Still, your conclusion still seems plausible and I suspect that you have other arguments for focusing on credibility. I would like to hear those.

Comment by flodorner on Sections 1 & 2: Introduction, Strategy and Governance · 2019-12-15T19:07:30.967Z · score: 1 (1 votes) · LW · GW

"If players could commit to the terms of peaceful settlements and truthfully disclose private information necessary for the construction of a settlement (for instance, information pertaining to the outcome probability p in Example 1.1.1), the allocation of indivisible stakes could often be accomplished. Thus, the most plausible of Fearon’s rationalist explanations for war seem to be (1) the difficulty of credible commitment and (2) incomplete information (and incentives to misrepresent that information). "

It seems plausible that if players could truthfully disclose private information and divide stakes, the ability to credibly commit would often not be needed. Would that in turn reduce the plausibility of explanation (1)?

I am curious whether there are some further arguments for the second sentence in the quote that were ommited to save space.

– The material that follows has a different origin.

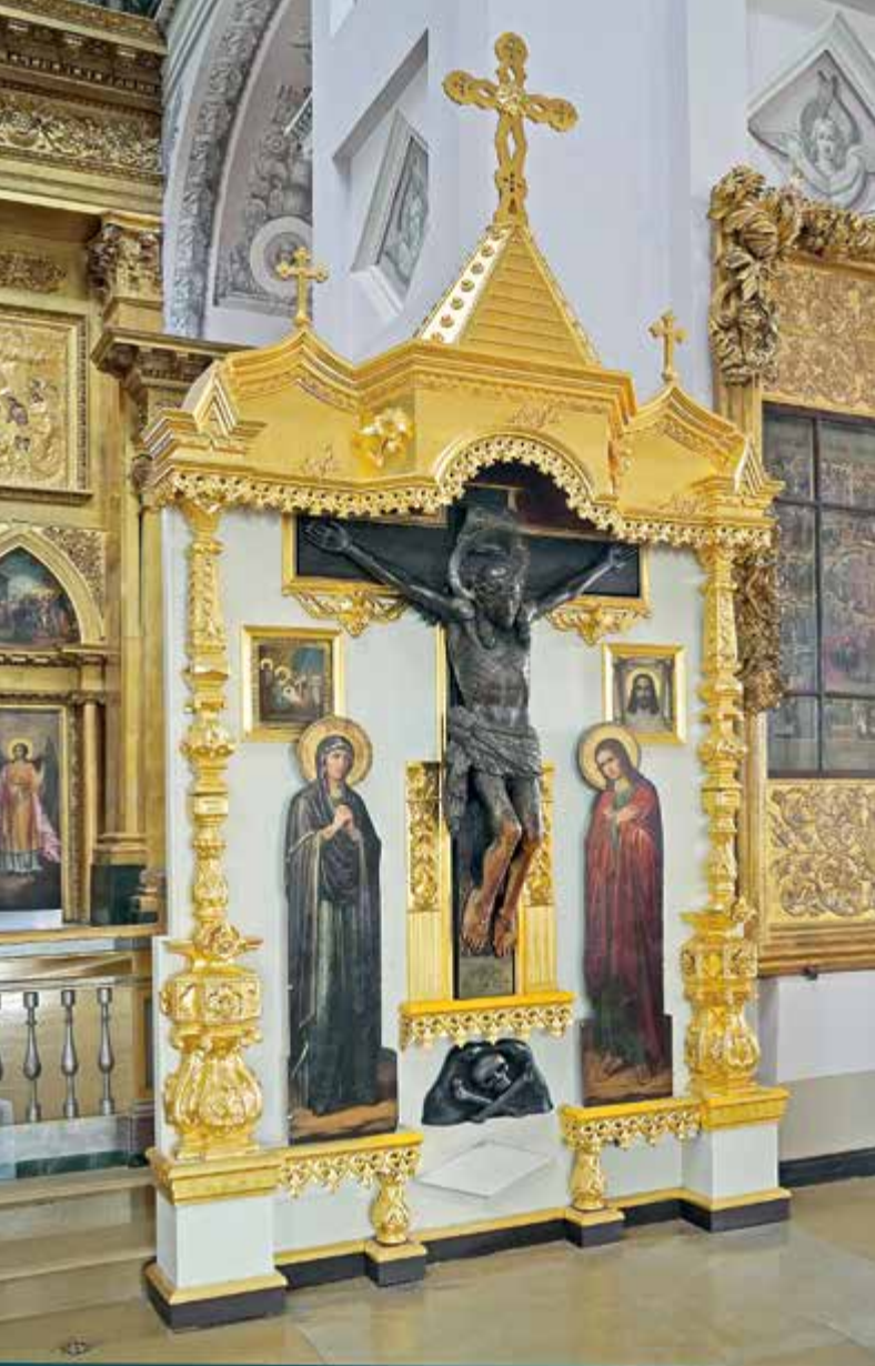
Главная святыня Воскресенского собора — Животворящий Крест Господень (слева)

Comment by flodorner on Tabooing 'Agent' for Prosaic Alignment · 2019-08-23T17:51:27.034Z · score: 3 (3 votes) · LW · GW

In light of this exchange, it seems like it would be interesting to analyze how much arguments for problematic properties of superintelligent utility-maximizing agents (like instrumental convergence) actually generalize to more general well-generalizing systems.

Comment by flodorner on Let's talk about "Convergent Rationality" · 2019-06-14T20:05:08.136Z · score: 1 (1 votes) · LW · GW

"If the learner were a consequentialist with accuracy as its utility function, it would prefer to modify the test distribution in this way in order to increase its utility. Yet, even when given the opportunity to do so, typical gradient-based supervised learning algorithms do not seem to pursue such solutions (at least in my personal experience as an ML researcher)."

Can you give an example for such an opportunity being given but not taken?